* Stored data *
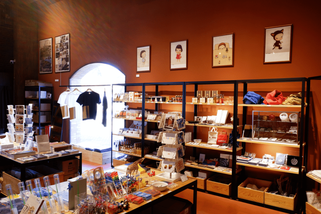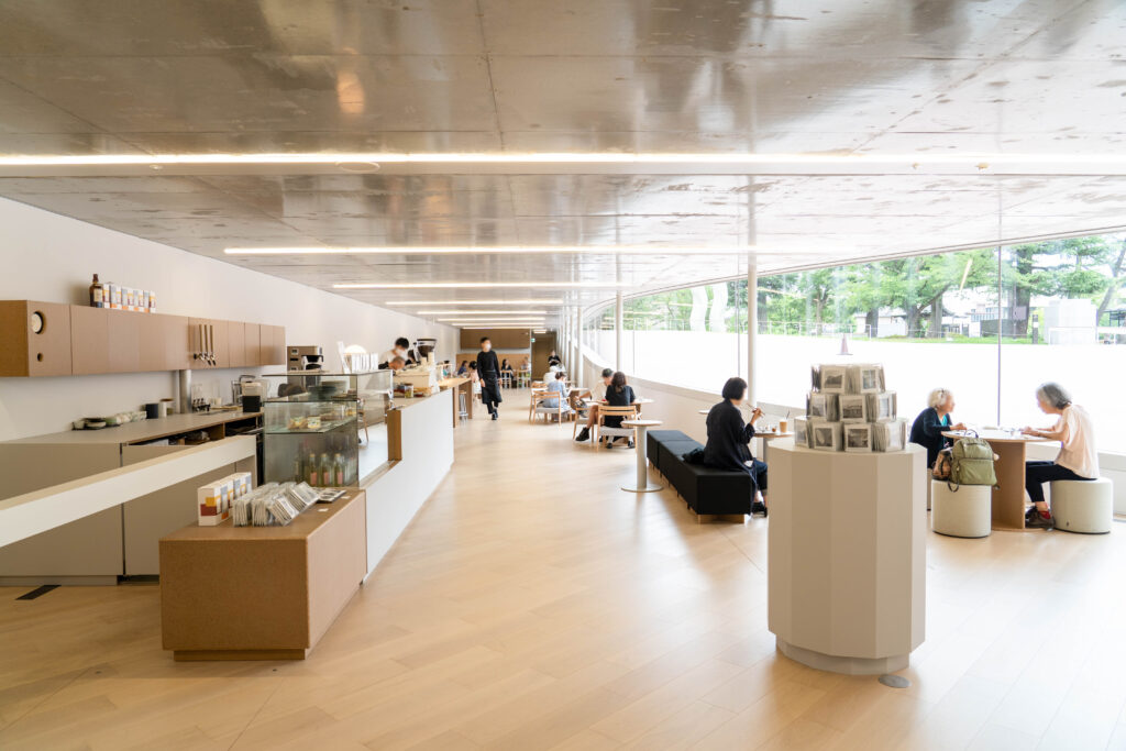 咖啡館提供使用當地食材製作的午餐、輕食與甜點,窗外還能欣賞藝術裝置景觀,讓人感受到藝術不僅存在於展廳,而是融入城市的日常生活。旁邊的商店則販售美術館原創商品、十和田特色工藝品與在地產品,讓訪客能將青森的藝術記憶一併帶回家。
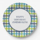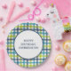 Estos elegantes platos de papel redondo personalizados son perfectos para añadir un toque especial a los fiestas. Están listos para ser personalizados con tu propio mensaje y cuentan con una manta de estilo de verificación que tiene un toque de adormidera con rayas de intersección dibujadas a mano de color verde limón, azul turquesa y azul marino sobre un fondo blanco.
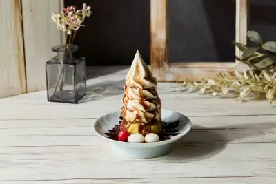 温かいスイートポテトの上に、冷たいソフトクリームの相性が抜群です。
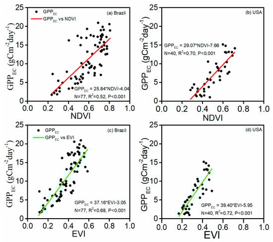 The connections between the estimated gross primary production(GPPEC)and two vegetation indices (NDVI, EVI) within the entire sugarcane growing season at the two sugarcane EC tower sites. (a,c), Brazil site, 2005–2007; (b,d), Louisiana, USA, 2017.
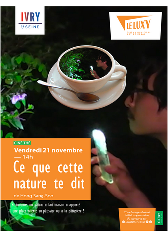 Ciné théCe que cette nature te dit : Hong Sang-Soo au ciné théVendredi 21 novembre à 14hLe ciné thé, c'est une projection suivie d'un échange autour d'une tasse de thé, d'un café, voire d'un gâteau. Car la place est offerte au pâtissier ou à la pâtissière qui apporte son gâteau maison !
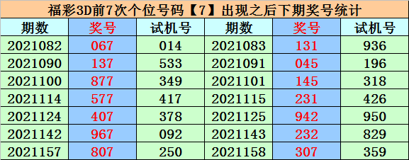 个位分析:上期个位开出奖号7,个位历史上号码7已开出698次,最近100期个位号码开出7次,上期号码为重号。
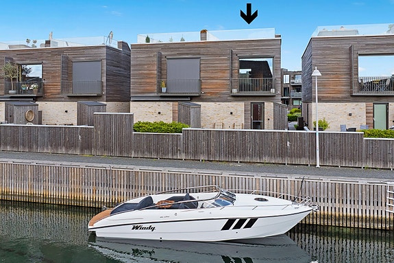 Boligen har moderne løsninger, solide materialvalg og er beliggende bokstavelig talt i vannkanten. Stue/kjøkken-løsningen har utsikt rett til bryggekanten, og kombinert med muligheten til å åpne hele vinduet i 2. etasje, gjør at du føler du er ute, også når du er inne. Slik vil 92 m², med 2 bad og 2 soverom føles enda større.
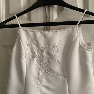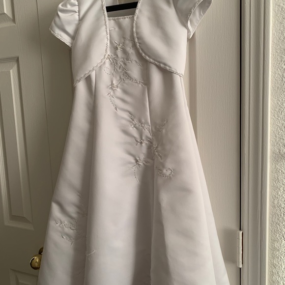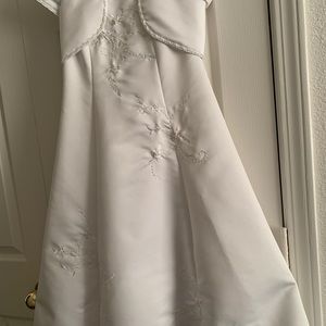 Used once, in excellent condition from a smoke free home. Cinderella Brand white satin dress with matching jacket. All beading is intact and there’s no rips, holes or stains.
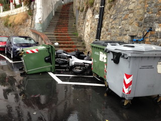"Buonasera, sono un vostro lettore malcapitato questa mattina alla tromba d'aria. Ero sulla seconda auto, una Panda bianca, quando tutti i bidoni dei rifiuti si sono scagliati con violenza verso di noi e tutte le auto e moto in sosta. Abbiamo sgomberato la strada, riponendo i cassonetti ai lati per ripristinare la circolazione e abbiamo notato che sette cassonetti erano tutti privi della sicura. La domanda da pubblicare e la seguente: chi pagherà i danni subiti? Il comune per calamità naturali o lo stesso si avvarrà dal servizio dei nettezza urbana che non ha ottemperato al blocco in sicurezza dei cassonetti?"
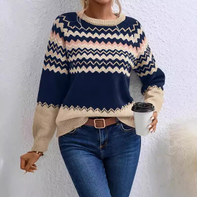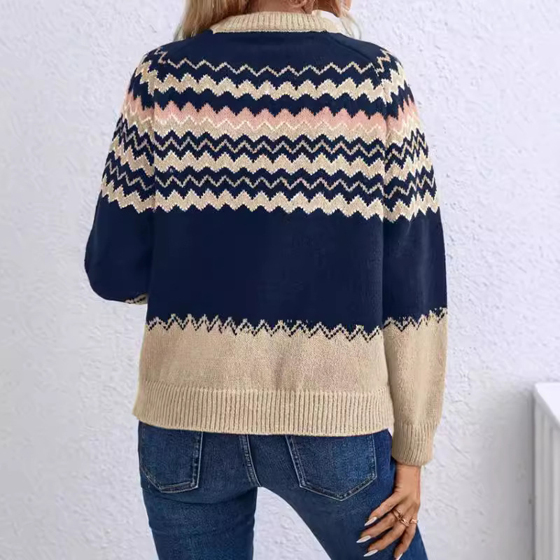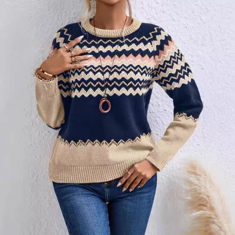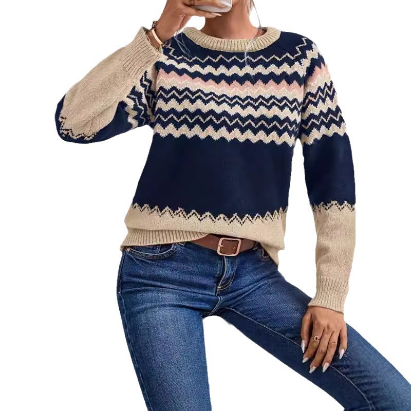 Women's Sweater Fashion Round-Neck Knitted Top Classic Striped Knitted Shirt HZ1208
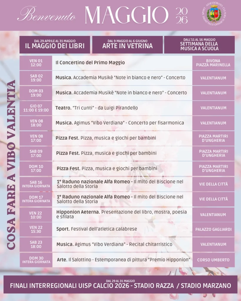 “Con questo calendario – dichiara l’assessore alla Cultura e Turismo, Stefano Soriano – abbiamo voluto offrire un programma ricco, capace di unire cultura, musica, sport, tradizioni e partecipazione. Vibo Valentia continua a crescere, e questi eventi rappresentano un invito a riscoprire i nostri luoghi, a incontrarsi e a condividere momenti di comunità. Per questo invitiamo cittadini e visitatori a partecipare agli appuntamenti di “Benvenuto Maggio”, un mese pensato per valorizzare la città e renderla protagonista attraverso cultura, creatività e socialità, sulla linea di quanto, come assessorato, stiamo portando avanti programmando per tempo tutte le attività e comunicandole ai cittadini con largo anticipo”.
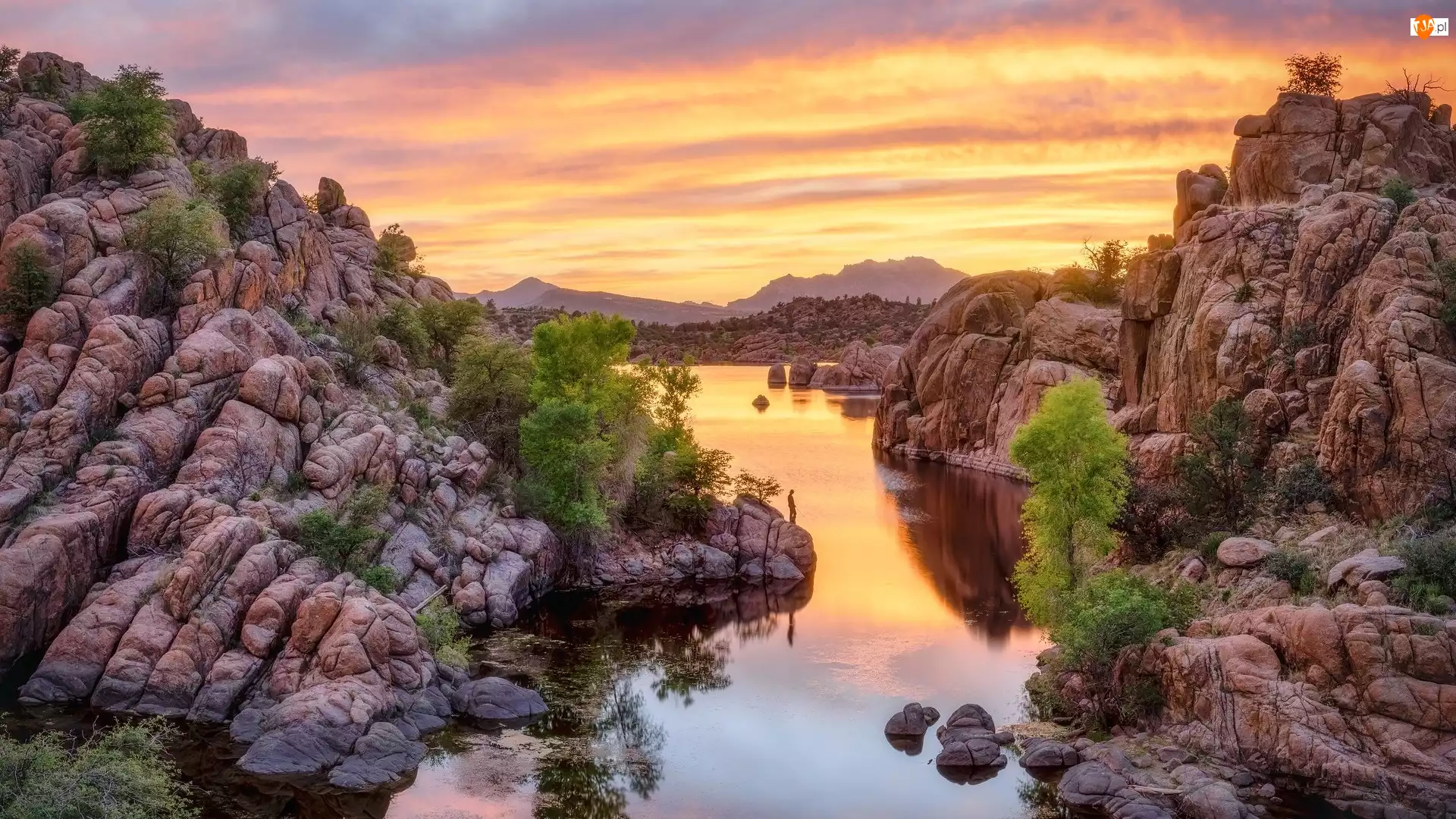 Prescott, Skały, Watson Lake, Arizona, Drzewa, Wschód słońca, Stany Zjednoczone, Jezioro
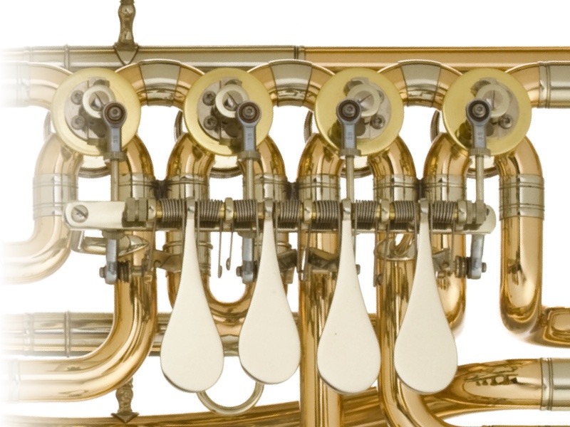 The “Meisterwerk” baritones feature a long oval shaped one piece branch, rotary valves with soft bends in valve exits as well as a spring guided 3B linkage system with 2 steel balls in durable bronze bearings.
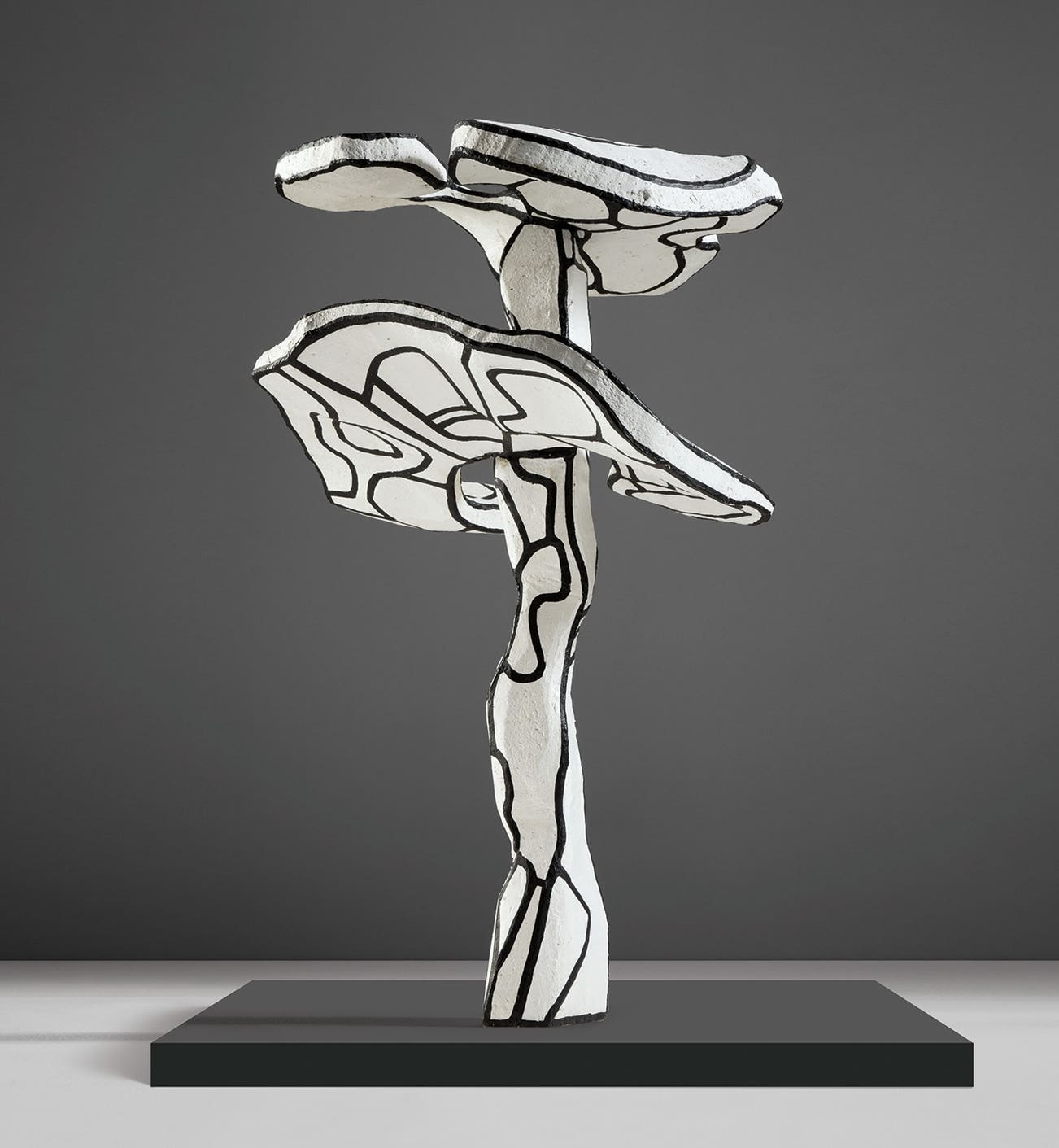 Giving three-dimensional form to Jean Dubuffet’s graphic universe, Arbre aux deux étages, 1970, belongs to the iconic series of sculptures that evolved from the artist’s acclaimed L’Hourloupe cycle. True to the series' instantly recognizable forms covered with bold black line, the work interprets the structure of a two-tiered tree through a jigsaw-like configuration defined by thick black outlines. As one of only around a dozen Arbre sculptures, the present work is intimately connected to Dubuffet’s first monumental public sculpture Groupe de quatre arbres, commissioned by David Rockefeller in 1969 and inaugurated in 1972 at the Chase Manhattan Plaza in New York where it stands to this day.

* Work task *
Word for word, restate the lines from the one containing "Prescott, Skały, Watson" through the end of the listing, and nothing more. Skip the pictures.

* Exercise result *
 Prescott, Skały, Watson Lake, Arizona, Drzewa, Wschód słońca, Stany Zjednoczone, Jezioro
 The “Meisterwerk” baritones feature a long oval shaped one piece branch, rotary valves with soft bends in valve exits as well as a spring guided 3B linkage system with 2 steel balls in durable bronze bearings.
 Giving three-dimensional form to Jean Dubuffet’s graphic universe, Arbre aux deux étages, 1970, belongs to the iconic series of sculptures that evolved from the artist’s acclaimed L’Hourloupe cycle. True to the series' instantly recognizable forms covered with bold black line, the work interprets the structure of a two-tiered tree through a jigsaw-like configuration defined by thick black outlines. As one of only around a dozen Arbre sculptures, the present work is intimately connected to Dubuffet’s first monumental public sculpture Groupe de quatre arbres, commissioned by David Rockefeller in 1969 and inaugurated in 1972 at the Chase Manhattan Plaza in New York where it stands to this day.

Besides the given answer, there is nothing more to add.